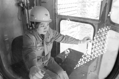 在大冶铁矿选矿车间,天车班组的6名女工负责15台天车的操作和维护工作。她们驾驶着天车在30多米高的精矿生产线上“飞行”,在不足2平方米的驾驶室内把球磨机驯得“服服帖帖”。图为该班组一位女工正在驾驶天车作业。方国俊 摄
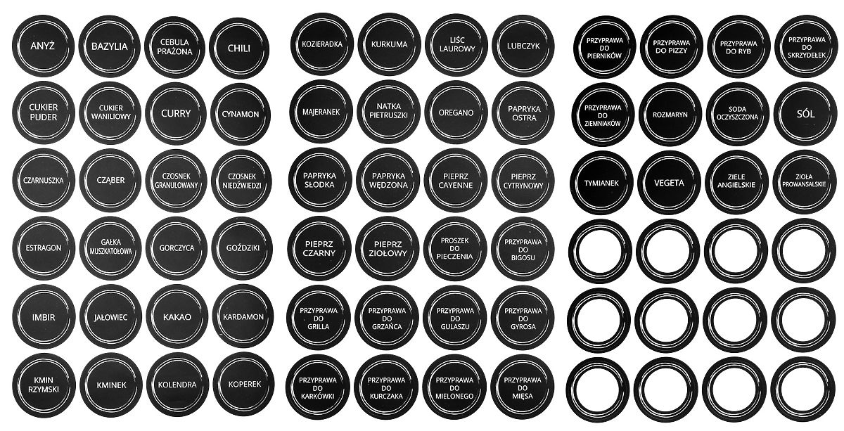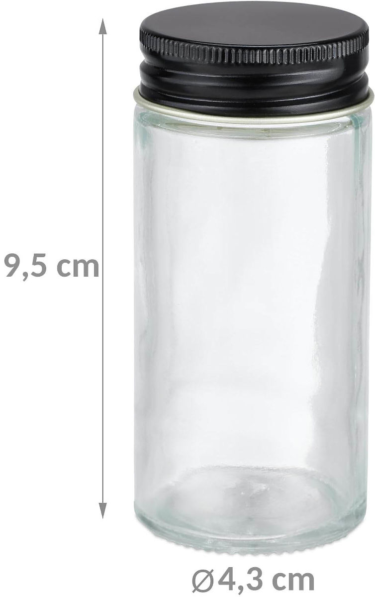 Set of 24 MARSALA Spice Jars Number of spice jars: 24 | 72 labels with spice names The Marsala spice jar set is a practical and stylish solution for any kitchen. It includes 24 glass spice jars with a capacity of 100 ml, featuring metal, black lids. Each spice jar is equipped with attachments that facilitate the dispensing of ground and coarse spices. The package also includes 72 labels with spice names, 12 of which are for custom descriptions, allowing for easy personalization. Marsala combines functionality with aesthetics, ensuring perfect order in the kitchen. Specifications: Material: glass, metal Number of spice jars in the set: 24 Shape of spice jars: round Glass color: transparent Lid color: black Weight of spice jar: 0.1 kg Volume of spice jars: 100 ml Dimensions: Height: 9.5 cm Diameter: 4.3 cm ✅ High-quality craftsmanship The spice jars are made of high-quality glass, ensuring durability and safety in use. The product is LFGB certified. ✅ Convenience of use Individual spice jars can be placed vertically or laid flat. The set also includes labels that facilitate the organization and finding of specific spices. Attachments with a dual dispensing system for spices – larger for coarse and smaller for fine spices – ensure convenience of use and prevent weathering. ✅ Large capacity The set of 24 spice jars with a capacity of 100 ml provides ample space for organizing all necessary spices. NOTE | The colors shown are indicative and may differ from actual colors due to different monitor settings and photo editing processes. • Actual dimensions may vary from those stated in the description. Error tolerance may be +/- 5%.
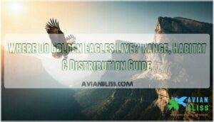 You’ll find golden eagles soaring through the Rockies, Appalachians, Sierra Nevada, Cascade Range, Alps, Pyrenees, Caucasus Mountains, and Russia’s Urals. They’re perfectly adapted to mountainous terrain up to 12,000 feet elevation.
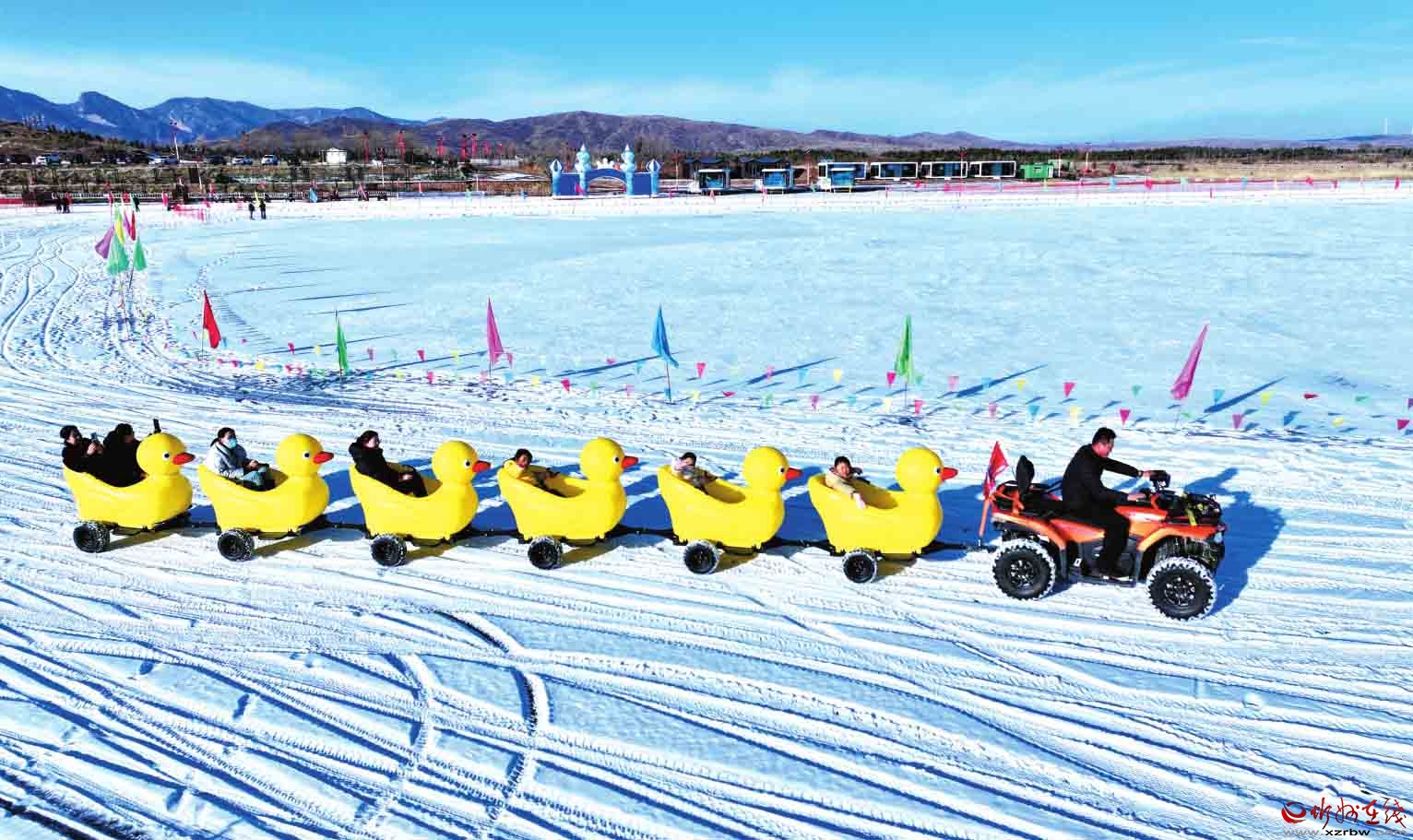 近日,寧武縣鴨子海冰雪大世界內(nèi)紅火熱鬧,一片歡樂(lè)景象。圖為冰面上,游客們盡情享受著冰雪項(xiàng)目帶來(lái)的樂(lè)趣。(吳光宇攝)
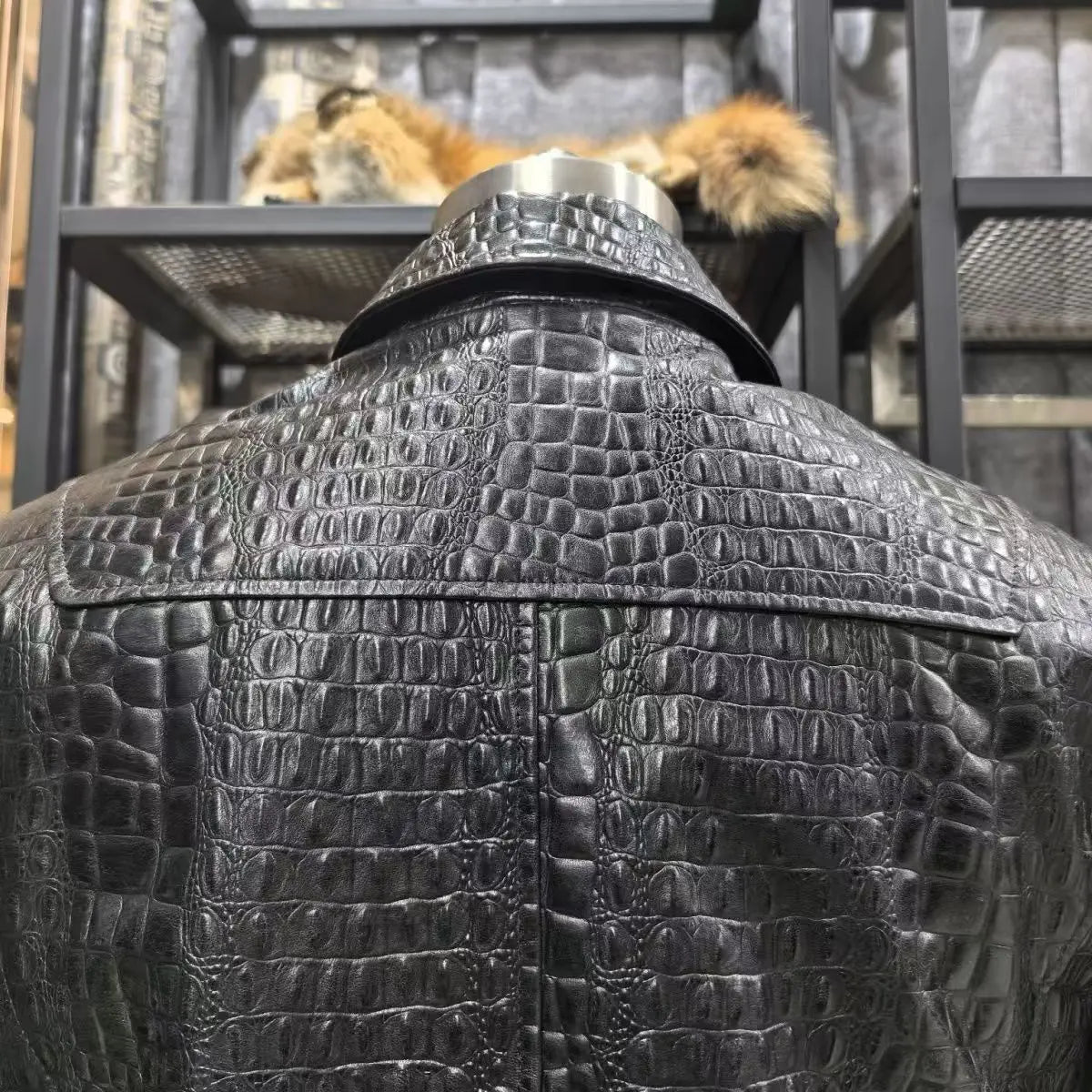Genuine Leather Crocodile Skin Pocket Black Zipper Jacket for Men

----------

An exact reproduction of the material above is needed, without its pictures.

Result of the exercise -
 在大冶铁矿选矿车间,天车班组的6名女工负责15台天车的操作和维护工作。她们驾驶着天车在30多米高的精矿生产线上“飞行”,在不足2平方米的驾驶室内把球磨机驯得“服服帖帖”。图为该班组一位女工正在驾驶天车作业。方国俊 摄
 Set of 24 MARSALA Spice Jars Number of spice jars: 24 | 72 labels with spice names The Marsala spice jar set is a practical and stylish solution for any kitchen. It includes 24 glass spice jars with a capacity of 100 ml, featuring metal, black lids. Each spice jar is equipped with attachments that facilitate the dispensing of ground and coarse spices. The package also includes 72 labels with spice names, 12 of which are for custom descriptions, allowing for easy personalization. Marsala combines functionality with aesthetics, ensuring perfect order in the kitchen. Specifications: Material: glass, metal Number of spice jars in the set: 24 Shape of spice jars: round Glass color: transparent Lid color: black Weight of spice jar: 0.1 kg Volume of spice jars: 100 ml Dimensions: Height: 9.5 cm Diameter: 4.3 cm ✅ High-quality craftsmanship The spice jars are made of high-quality glass, ensuring durability and safety in use. The product is LFGB certified. ✅ Convenience of use Individual spice jars can be placed vertically or laid flat. The set also includes labels that facilitate the organization and finding of specific spices. Attachments with a dual dispensing system for spices – larger for coarse and smaller for fine spices – ensure convenience of use and prevent weathering. ✅ Large capacity The set of 24 spice jars with a capacity of 100 ml provides ample space for organizing all necessary spices. NOTE | The colors shown are indicative and may differ from actual colors due to different monitor settings and photo editing processes. • Actual dimensions may vary from those stated in the description. Error tolerance may be +/- 5%.
 You’ll find golden eagles soaring through the Rockies, Appalachians, Sierra Nevada, Cascade Range, Alps, Pyrenees, Caucasus Mountains, and Russia’s Urals. They’re perfectly adapted to mountainous terrain up to 12,000 feet elevation.
 近日,寧武縣鴨子海冰雪大世界內(nèi)紅火熱鬧,一片歡樂(lè)景象。圖為冰面上,游客們盡情享受著冰雪項(xiàng)目帶來(lái)的樂(lè)趣。(吳光宇攝)
Genuine Leather Crocodile Skin Pocket Black Zipper Jacket for Men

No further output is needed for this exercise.